Don’t call child witness to police station, visit house to record statement: Bombay HC tells cops
The Bombay High Court on Wednesday reprimanded the city police for repeatedly summoning a child witness to the police station for recording his statement in a case of alleged rape of his three-year-old class mate by the school’s trustee.
Justice Revati Mohite Dere expressed her anger saying that the police were defeating the purpose of the Protection of Children from Sexual Offences (POCSO) Act by not adhering to the laid down procedures for probe into a case under the Act.
Justice Dere rapped the cops after coming to know that the police had summoned the child witness and his father to the police station to record their statements in the case of rape, allegedly committed last May by the trustee of an international school.
Irked by the information about summoning of the child witness, Justice Dere said, “If the police keep summoning children to police stations like this, the parents are naturally bound to feel that it was just adding to the trauma.
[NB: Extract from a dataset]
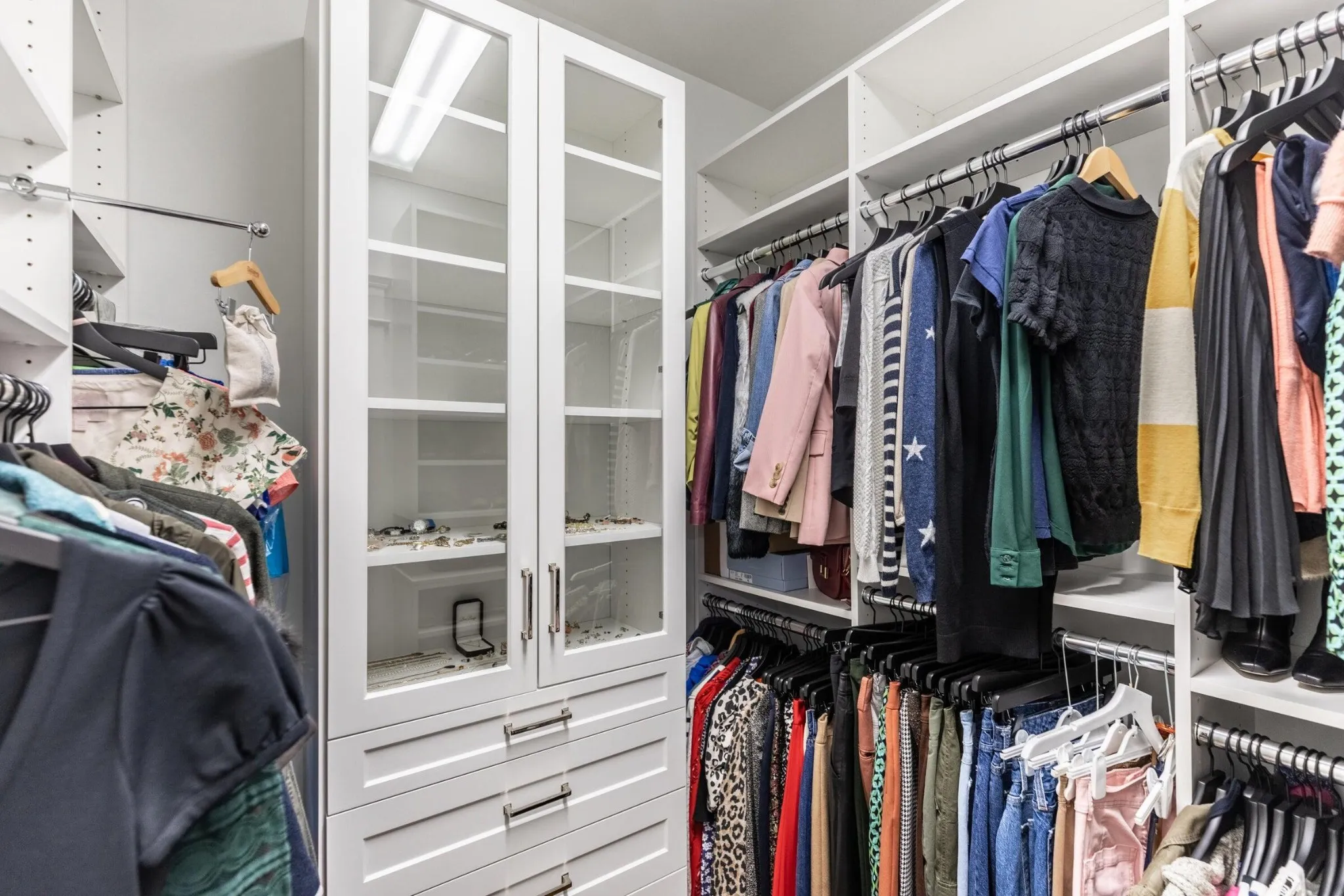The main-level primary suite is a true retreat with tray ceilings, his-and-hers custom built-in closets by Chattanooga Closets, and a newly renovated bath with a 6-ft jetted tub, dual vanities, and a smooth river rock walk-in shower. Additionally, there is a perfectly tucked away powder room and 2 more main-level bedrooms that share a full bath and feature plush new carpeting. Upstairs, an over-sized bonus suite offers flexible living with a private full bath, gigantic closet, walk-out attic storage, and a separate thermostat.\r\n

It is very disturbing to note that the child and his father had to go to the police station on several occasions.”
“The Act is very clear on what procedure needs to be followed by the police while probing cases of such nature. Why were the child and his father called to the police station?” Justice Dere asked.
The whole purpose of the POCSO Act would be defeated if the police behave in such an ignorant manner, she said, adding that as per the Act, the police have to go to the residence of the child in civil clothes and record his or her statement.
Upset with the episode, Justice Dere ordered the police to submit to the court the case diary details, marking out how many times the boy and his father were called to the police station.
The court was informed about the repeated summoning of the victim’s class mate, a three-year-old boy, and his father by the counsel for the victim’s mother, who has moved the court challenging the grant of bail to the school trustee by the sessions court.
Appearing for the victim’s mother, her counsel Vijay Hiremath had apprised the court about repeated summoning of the child witness to the police station during the last hearing on the woman’s plea against the grant of bail to the French national.
Besides the victim’s mother, the parents of 42 other students from the school, located in suburban Andheri, had also moved the court seeking a direction to the trustee to stay away from the institution as they feared for the safety of their children.
The trustee, a French national, was arrested on November 7 last year, but was granted bail by the sessions court on November 24 last year. Following this, the victim’s mother had approached the high court for cancellation of his bail.
After hearing arguments on the victim’s mother plea, the court today reserved its order for April 2.
Senior counsel Shirish Gupte, appearing for the French trustee of the school, argued that his client had fallen victim to the school politics.
“He (trustee) has been managing the school for 25 years and has no criminal antecedents. There is a sinister motive behind this case,” Gupte argued.
The incident dates back to May last year, when the girl’s parents noticed changes in her behaviour, and difficulty in sitting and walking.
When they asked her if anyone had hurt her or touched her inappropriately, she pointed to a picture of the school trustee, the child’s mother said in the plea.
An FIR was subsequently lodged against the trustee in May last year. He, however, was arrested only in November after the victim’s parents filed a writ petition in the high court alleging the police inaction.